> [WHAT THIS TASK INVOLVES]:
Give the entries back exactly as they stand, but without pictures.

___ PROVIDED MATERIAL ___

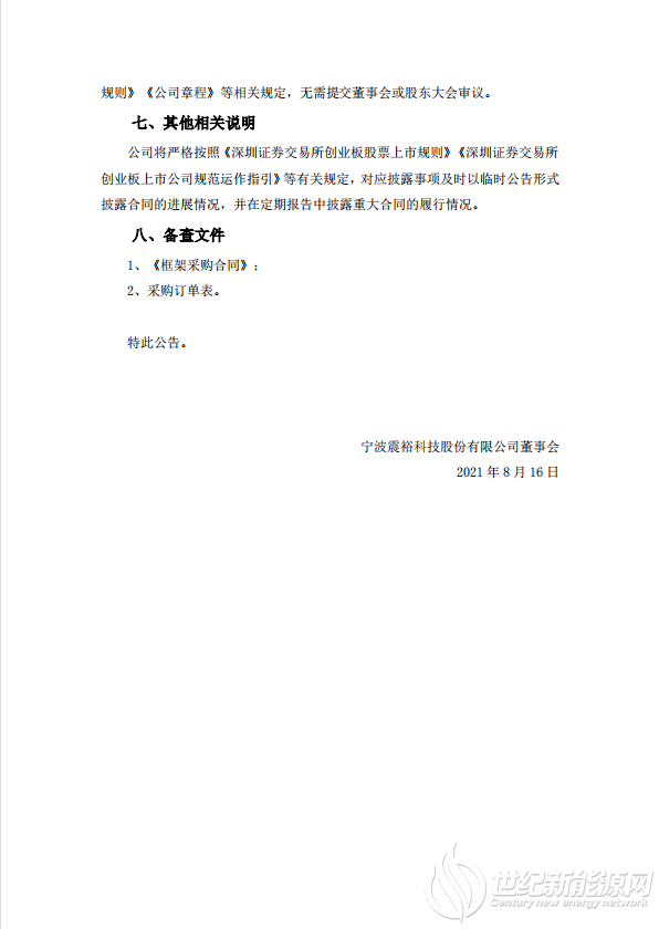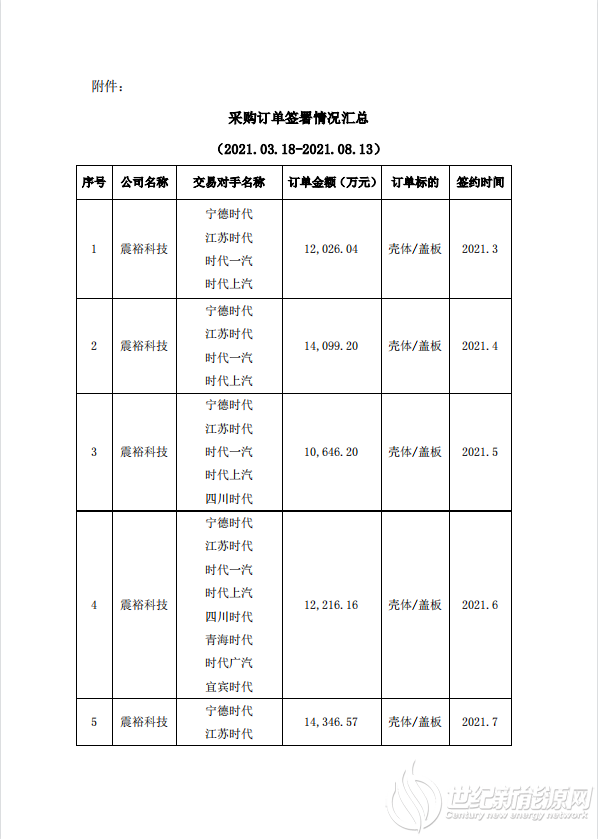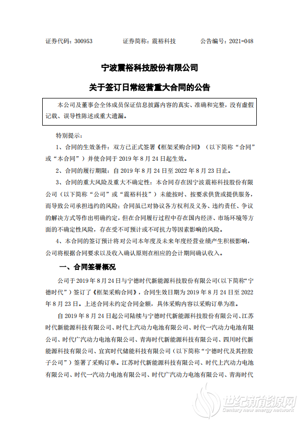 据悉,自2019年8月24日起,震裕科技陆续与宁德时代、江苏时代新能源科技有限公司、时代上汽动力电池有限公司、时代一汽动力电池有限公司、时代广汽动力电池有限公司、青海时代新能源科技有限公司、四川时代新能源科技有限公司、宜宾时代储能科技有限公司(以下简称“宁德时代及其控股子公司”)签署了采购订单。
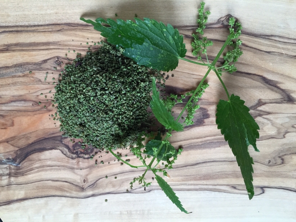 Auch die Brennnessel, eine meiner Lieblingspflanzen, weil sie mich das ganze Jahr mit ihrer Kraft begleitet, hat aus den kleinen, weissen, unscheinbaren Blüten ihre Samen hervorgebracht. Ich sammle sie schon seit Mitte August. Mit etwas Mut kann man sie ohne Handschuhe oder sonstigen Schutz von den Pflanzen abpflücken. Dann lasse ich sie 2-3 Tage trocknen, und streiche sie liebevoll von den Strängen ab. Das dauert ein Weilchen, aber irgendwie mache ich es gerne – es ist beruhigend, fast meditativ, wenn man einfach nur das tut. Zum Aufbewahren gebe ich die Brennnesselsamen in ein verschlossenen Glas und stelle sie an einem dunklen, kühlen Ort. Bis zum nächsten Sommer sind sie sicher aufgebraucht, denn sie schmecken auch noch schön nussig.
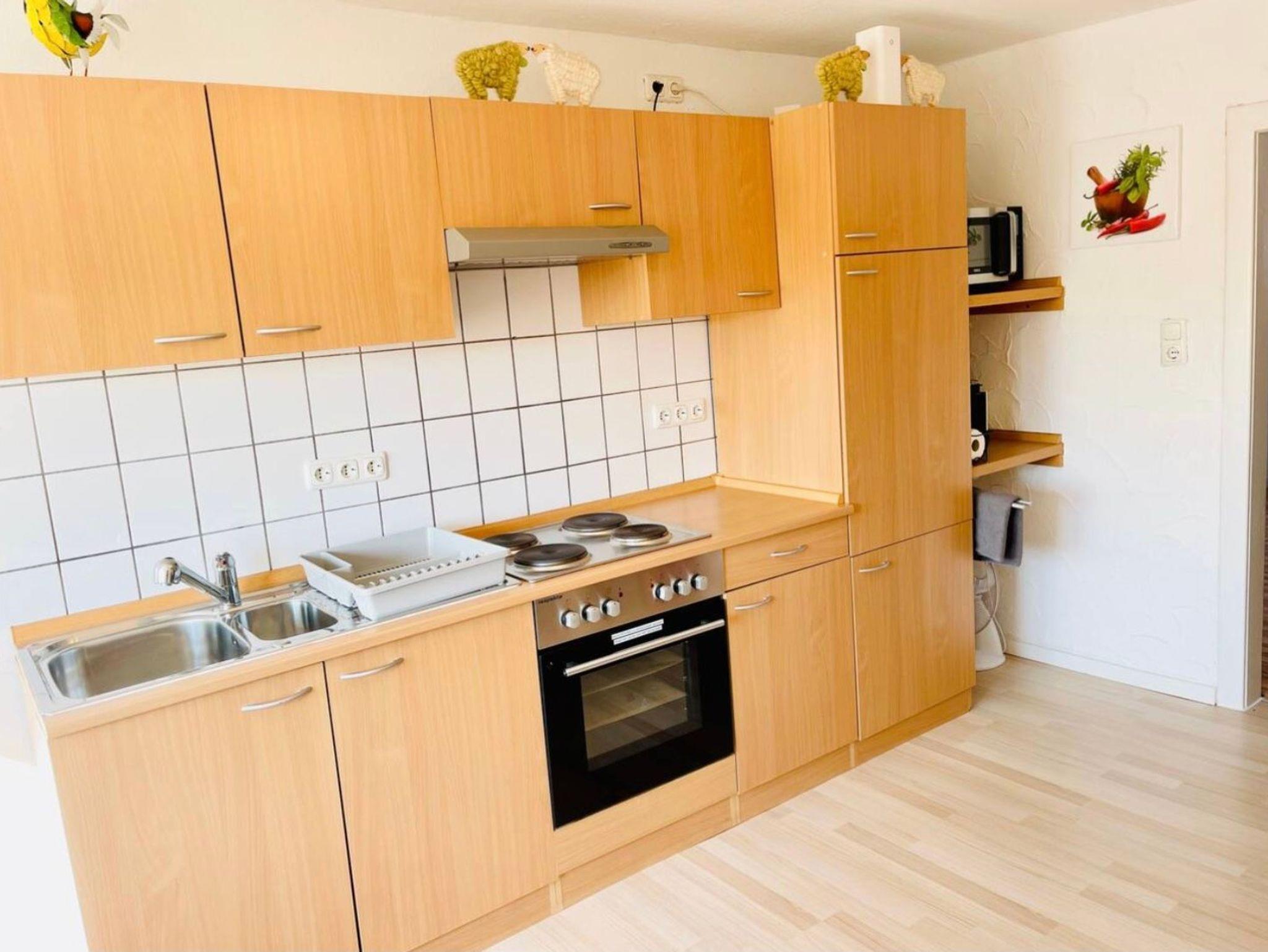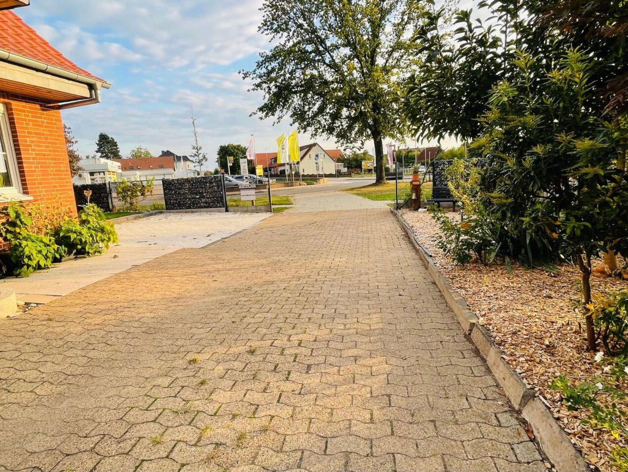 Ein Autohaus mit Werkstatt und Mietwagenverleih ist direkt nebenan, direkt dahinter ist ein Bäcker mit Café und ein Dönerladen. Außerdem haben wir in der Nähe den Leeser Tanger und das Gasthaus Conrades. Eine Tankstelle und einen Dorfladen gibt es auch.
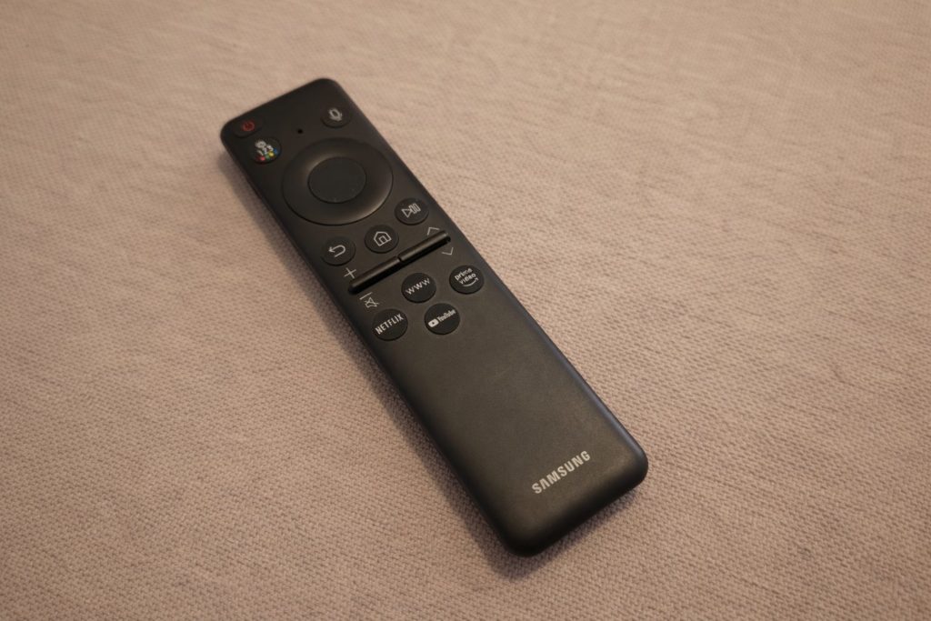 Daljinski upravljalnik ostaja ena bolj prepoznavnih Samsungovih rešitev. Gre za kompakten, minimalistično oblikovan daljinec s solarnim polnjenjem. Na tak način je Samsung korenito zmanjšal potrebe po polnjenju daljinca. Če pa se zgodi, da je to vseeno potrebno, pa je na voljo USB-C vhod. Ergonomija daljinca je dobra, tipke so smiselno razporejene, odzivnost pa natančna. Prisotne so tudi bližnjice do izbranih pretočnih storitev, kar pospeši vsakodnevno uporabo, čeprav nekoliko zmanjša univerzalnost zasnove, saj bi nekdo drug morda izbral nekatere druge aplikacije, ki so mu ljubše.
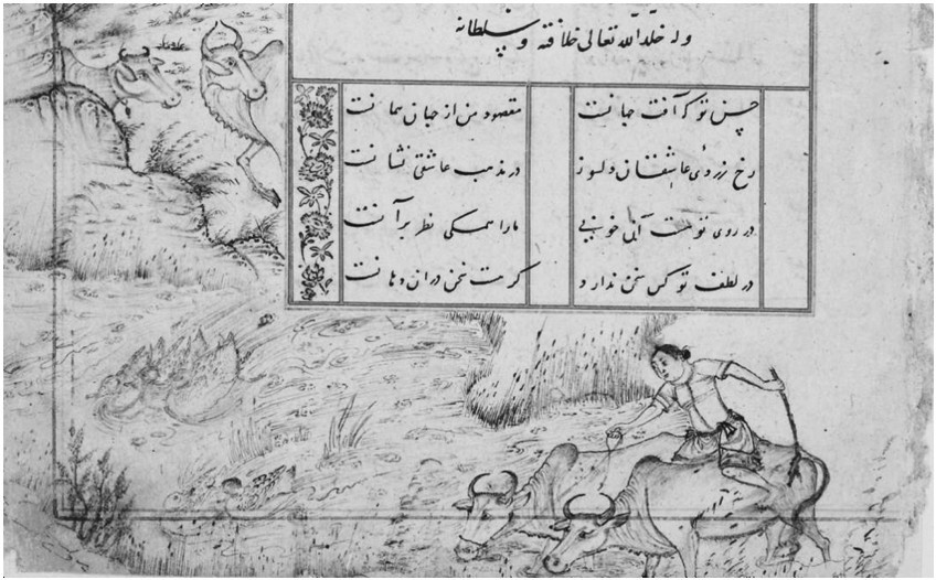 图6 《鸭川牧野》(页缘装饰),29.5×20.4 cm, 14世纪末绘于现伊朗或伊拉克, WFGA, F1932.30, fol.17a。
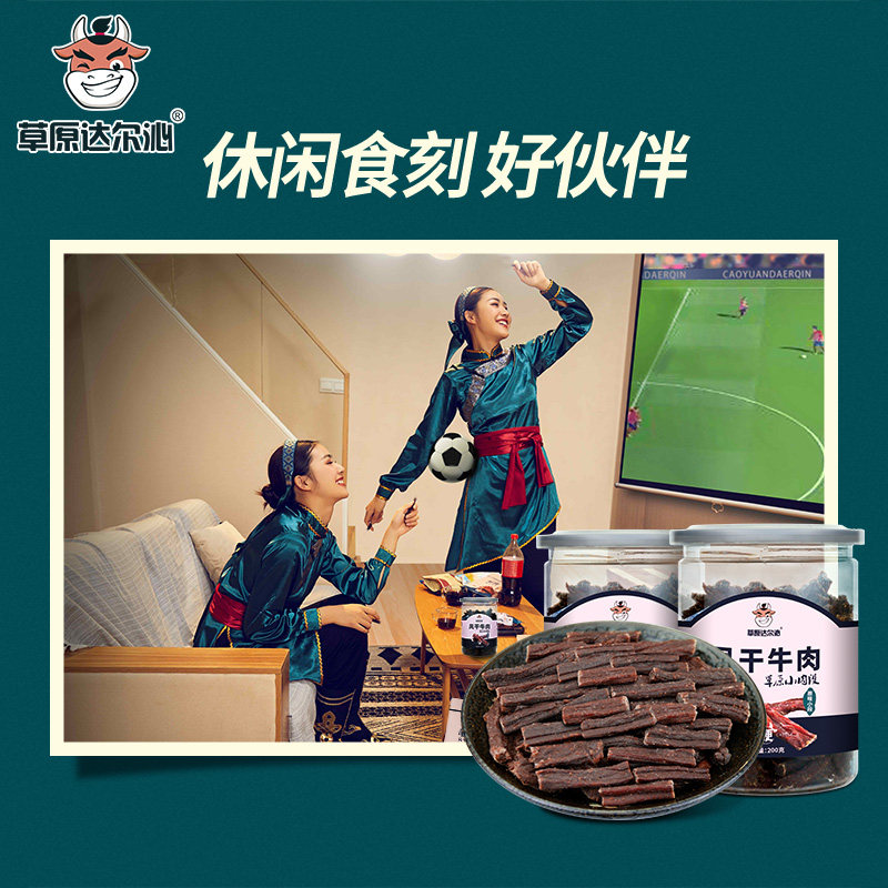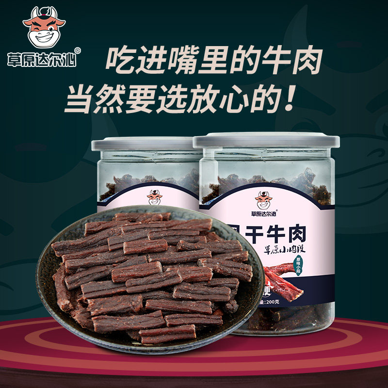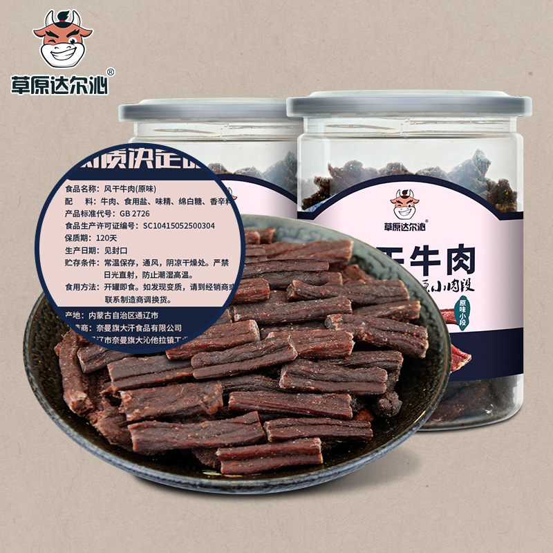 草原达尔沁内蒙古超干风干牛肉干小肉段桶装手撕麻辣正宗特产原味
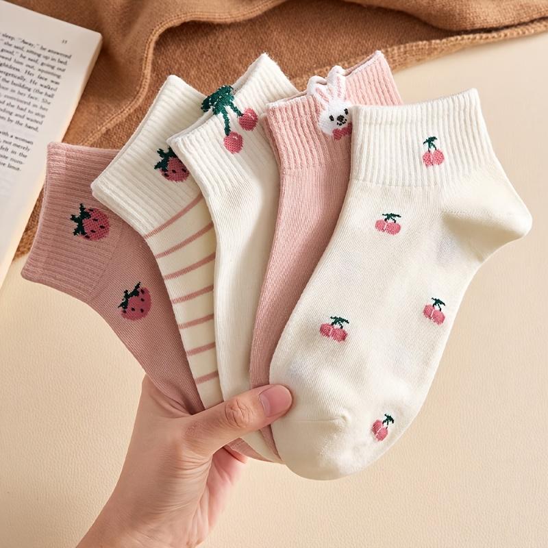 5 Pairs Women's Short Rib-Socks/Pink Cherry Strawberry Bunny Pattern/Comfortable Breathable Casual Street Style/Fruit
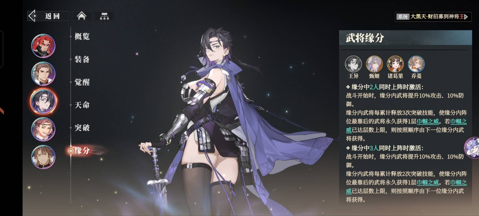 缘分内的武将释放2次突破技能,可以使缘分内阵容站位最靠后的武将永久获得1层【巾帼之威】上限2层!
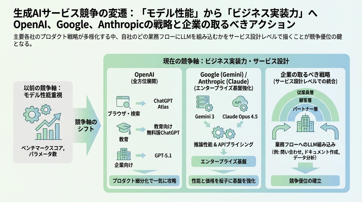 生成AIサービス競争は「モデル性能」から「ビジネス実装力」へ軸足が移りつつあります。OpenAIはChatGPT AtlasやGPT‑5.1、教育向け無料版ChatGPTなど、プロダクトラインを細かく切り分けてブラウザ・教育・企業向けを一気に攻めています。一方でGoogle Gemini 3やAnthropic Claude Opus pic.x.com/bUX85Fc19g

___

> [SOLUTION FOR THIS EXERCISE]:
 据悉,自2019年8月24日起,震裕科技陆续与宁德时代、江苏时代新能源科技有限公司、时代上汽动力电池有限公司、时代一汽动力电池有限公司、时代广汽动力电池有限公司、青海时代新能源科技有限公司、四川时代新能源科技有限公司、宜宾时代储能科技有限公司(以下简称“宁德时代及其控股子公司”)签署了采购订单。
 Auch die Brennnessel, eine meiner Lieblingspflanzen, weil sie mich das ganze Jahr mit ihrer Kraft begleitet, hat aus den kleinen, weissen, unscheinbaren Blüten ihre Samen hervorgebracht. Ich sammle sie schon seit Mitte August. Mit etwas Mut kann man sie ohne Handschuhe oder sonstigen Schutz von den Pflanzen abpflücken. Dann lasse ich sie 2-3 Tage trocknen, und streiche sie liebevoll von den Strängen ab. Das dauert ein Weilchen, aber irgendwie mache ich es gerne – es ist beruhigend, fast meditativ, wenn man einfach nur das tut. Zum Aufbewahren gebe ich die Brennnesselsamen in ein verschlossenen Glas und stelle sie an einem dunklen, kühlen Ort. Bis zum nächsten Sommer sind sie sicher aufgebraucht, denn sie schmecken auch noch schön nussig.
 Ein Autohaus mit Werkstatt und Mietwagenverleih ist direkt nebenan, direkt dahinter ist ein Bäcker mit Café und ein Dönerladen. Außerdem haben wir in der Nähe den Leeser Tanger und das Gasthaus Conrades. Eine Tankstelle und einen Dorfladen gibt es auch.
 Daljinski upravljalnik ostaja ena bolj prepoznavnih Samsungovih rešitev. Gre za kompakten, minimalistično oblikovan daljinec s solarnim polnjenjem. Na tak način je Samsung korenito zmanjšal potrebe po polnjenju daljinca. Če pa se zgodi, da je to vseeno potrebno, pa je na voljo USB-C vhod. Ergonomija daljinca je dobra, tipke so smiselno razporejene, odzivnost pa natančna. Prisotne so tudi bližnjice do izbranih pretočnih storitev, kar pospeši vsakodnevno uporabo, čeprav nekoliko zmanjša univerzalnost zasnove, saj bi nekdo drug morda izbral nekatere druge aplikacije, ki so mu ljubše.
 图6 《鸭川牧野》(页缘装饰),29.5×20.4 cm, 14世纪末绘于现伊朗或伊拉克, WFGA, F1932.30, fol.17a。
 草原达尔沁内蒙古超干风干牛肉干小肉段桶装手撕麻辣正宗特产原味
 5 Pairs Women's Short Rib-Socks/Pink Cherry Strawberry Bunny Pattern/Comfortable Breathable Casual Street Style/Fruit
 缘分内的武将释放2次突破技能,可以使缘分内阵容站位最靠后的武将永久获得1层【巾帼之威】上限2层!
 生成AIサービス競争は「モデル性能」から「ビジネス実装力」へ軸足が移りつつあります。OpenAIはChatGPT AtlasやGPT‑5.1、教育向け無料版ChatGPTなど、プロダクトラインを細かく切り分けてブラウザ・教育・企業向けを一気に攻めています。一方でGoogle Gemini 3やAnthropic Claude Opus pic.x.com/bUX85Fc19g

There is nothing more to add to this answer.